• Directions
For the entries that follow, restate word for word the line containing "2、按上面操作完以后大家进到", the line containing "del design dell'epoca.", and every line that lies between them.

• Records supplied

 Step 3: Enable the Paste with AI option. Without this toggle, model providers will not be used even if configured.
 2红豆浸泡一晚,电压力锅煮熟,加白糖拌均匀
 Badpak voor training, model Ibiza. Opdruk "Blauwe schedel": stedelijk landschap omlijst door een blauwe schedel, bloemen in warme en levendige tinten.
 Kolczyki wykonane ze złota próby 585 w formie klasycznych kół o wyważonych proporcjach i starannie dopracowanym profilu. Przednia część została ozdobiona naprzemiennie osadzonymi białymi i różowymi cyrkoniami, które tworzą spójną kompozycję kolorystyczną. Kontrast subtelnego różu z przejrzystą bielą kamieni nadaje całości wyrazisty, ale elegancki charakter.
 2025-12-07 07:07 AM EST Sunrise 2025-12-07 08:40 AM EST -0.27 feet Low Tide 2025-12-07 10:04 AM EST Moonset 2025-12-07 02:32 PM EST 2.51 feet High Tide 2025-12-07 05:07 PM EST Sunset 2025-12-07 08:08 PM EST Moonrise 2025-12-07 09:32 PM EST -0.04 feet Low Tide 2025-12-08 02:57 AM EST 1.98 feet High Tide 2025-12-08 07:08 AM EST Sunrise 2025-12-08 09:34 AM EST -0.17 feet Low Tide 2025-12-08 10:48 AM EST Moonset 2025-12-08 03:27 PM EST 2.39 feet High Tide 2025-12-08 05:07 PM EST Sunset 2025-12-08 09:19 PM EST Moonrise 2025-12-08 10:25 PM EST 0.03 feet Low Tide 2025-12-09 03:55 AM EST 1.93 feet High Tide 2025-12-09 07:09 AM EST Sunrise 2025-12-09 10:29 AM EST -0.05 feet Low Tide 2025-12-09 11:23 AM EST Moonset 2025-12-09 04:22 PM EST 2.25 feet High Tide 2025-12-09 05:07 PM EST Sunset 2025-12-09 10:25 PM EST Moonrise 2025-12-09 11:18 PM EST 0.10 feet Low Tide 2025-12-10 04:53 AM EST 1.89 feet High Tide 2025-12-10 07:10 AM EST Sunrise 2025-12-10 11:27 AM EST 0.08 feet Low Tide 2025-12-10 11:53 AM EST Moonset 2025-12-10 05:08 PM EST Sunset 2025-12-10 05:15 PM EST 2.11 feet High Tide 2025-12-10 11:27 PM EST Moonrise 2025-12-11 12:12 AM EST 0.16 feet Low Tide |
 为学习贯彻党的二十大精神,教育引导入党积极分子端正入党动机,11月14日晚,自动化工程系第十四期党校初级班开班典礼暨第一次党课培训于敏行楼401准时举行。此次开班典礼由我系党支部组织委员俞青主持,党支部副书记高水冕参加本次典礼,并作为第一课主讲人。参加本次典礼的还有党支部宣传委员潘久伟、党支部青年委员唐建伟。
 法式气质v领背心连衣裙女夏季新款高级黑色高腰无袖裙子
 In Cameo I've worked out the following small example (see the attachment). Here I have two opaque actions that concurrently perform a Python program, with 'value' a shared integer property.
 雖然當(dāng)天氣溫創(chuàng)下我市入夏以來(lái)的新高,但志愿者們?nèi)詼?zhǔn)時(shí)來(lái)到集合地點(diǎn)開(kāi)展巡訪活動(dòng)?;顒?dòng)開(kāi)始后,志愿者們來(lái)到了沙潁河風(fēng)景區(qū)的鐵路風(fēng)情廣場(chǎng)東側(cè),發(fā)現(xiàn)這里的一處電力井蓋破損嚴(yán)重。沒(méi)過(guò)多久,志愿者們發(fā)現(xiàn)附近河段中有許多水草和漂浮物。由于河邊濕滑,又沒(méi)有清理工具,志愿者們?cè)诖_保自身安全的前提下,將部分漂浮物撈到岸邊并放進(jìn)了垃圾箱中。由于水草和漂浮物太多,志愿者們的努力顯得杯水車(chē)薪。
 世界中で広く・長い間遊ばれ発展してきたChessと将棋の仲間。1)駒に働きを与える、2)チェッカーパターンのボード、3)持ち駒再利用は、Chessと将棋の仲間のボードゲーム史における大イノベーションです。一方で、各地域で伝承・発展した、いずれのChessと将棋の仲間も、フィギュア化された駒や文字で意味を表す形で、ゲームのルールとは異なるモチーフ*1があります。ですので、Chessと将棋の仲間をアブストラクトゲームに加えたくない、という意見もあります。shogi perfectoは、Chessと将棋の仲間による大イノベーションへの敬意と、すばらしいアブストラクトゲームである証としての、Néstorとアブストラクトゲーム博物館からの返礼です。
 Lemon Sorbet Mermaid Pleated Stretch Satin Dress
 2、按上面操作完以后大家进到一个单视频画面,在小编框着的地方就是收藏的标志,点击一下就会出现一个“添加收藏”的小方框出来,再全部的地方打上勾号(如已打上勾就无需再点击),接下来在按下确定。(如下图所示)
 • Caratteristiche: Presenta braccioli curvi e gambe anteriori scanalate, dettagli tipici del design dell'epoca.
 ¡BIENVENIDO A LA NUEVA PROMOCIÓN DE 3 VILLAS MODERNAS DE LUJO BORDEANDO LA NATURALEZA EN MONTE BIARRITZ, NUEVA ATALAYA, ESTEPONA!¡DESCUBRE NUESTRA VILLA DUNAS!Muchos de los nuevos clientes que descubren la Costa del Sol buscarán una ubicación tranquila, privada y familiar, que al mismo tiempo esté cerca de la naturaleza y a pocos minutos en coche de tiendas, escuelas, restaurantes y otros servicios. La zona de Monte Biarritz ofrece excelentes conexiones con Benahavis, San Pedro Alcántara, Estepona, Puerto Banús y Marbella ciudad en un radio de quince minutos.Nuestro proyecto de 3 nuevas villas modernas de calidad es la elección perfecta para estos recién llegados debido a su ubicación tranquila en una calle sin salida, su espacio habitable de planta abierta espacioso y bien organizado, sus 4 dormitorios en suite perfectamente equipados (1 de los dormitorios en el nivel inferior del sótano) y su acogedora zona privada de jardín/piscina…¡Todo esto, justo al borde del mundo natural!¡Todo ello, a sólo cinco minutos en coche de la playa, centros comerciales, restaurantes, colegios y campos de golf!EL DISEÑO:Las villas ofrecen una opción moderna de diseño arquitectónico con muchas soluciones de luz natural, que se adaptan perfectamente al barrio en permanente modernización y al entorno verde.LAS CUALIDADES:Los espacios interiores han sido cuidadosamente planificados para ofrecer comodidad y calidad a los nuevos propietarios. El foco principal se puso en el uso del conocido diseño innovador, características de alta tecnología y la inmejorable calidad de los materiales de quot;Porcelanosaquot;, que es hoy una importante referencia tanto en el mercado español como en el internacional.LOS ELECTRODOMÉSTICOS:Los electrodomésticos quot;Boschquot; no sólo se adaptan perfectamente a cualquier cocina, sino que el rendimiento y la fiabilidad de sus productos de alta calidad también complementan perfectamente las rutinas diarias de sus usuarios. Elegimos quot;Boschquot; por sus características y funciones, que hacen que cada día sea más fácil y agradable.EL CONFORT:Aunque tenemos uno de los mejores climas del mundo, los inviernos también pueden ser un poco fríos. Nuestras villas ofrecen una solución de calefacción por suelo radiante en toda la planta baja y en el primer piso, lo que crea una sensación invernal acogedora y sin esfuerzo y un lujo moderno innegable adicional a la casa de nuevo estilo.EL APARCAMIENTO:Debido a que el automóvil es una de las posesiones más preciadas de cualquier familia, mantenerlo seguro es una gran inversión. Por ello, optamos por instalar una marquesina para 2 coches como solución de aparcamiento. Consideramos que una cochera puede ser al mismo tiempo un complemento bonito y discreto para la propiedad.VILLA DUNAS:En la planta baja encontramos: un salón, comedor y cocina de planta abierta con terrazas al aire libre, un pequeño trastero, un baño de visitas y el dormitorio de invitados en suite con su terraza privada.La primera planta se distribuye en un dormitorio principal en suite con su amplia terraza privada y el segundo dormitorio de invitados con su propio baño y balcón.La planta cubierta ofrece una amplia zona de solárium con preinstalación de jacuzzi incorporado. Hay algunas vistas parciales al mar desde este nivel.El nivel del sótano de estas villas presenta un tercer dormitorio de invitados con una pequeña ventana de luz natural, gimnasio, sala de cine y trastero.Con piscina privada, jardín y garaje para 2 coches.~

• Answer for this exercise
 2、按上面操作完以后大家进到一个单视频画面,在小编框着的地方就是收藏的标志,点击一下就会出现一个“添加收藏”的小方框出来,再全部的地方打上勾号(如已打上勾就无需再点击),接下来在按下确定。(如下图所示)
 • Caratteristiche: Presenta braccioli curvi e gambe anteriori scanalate, dettagli tipici del design dell'epoca.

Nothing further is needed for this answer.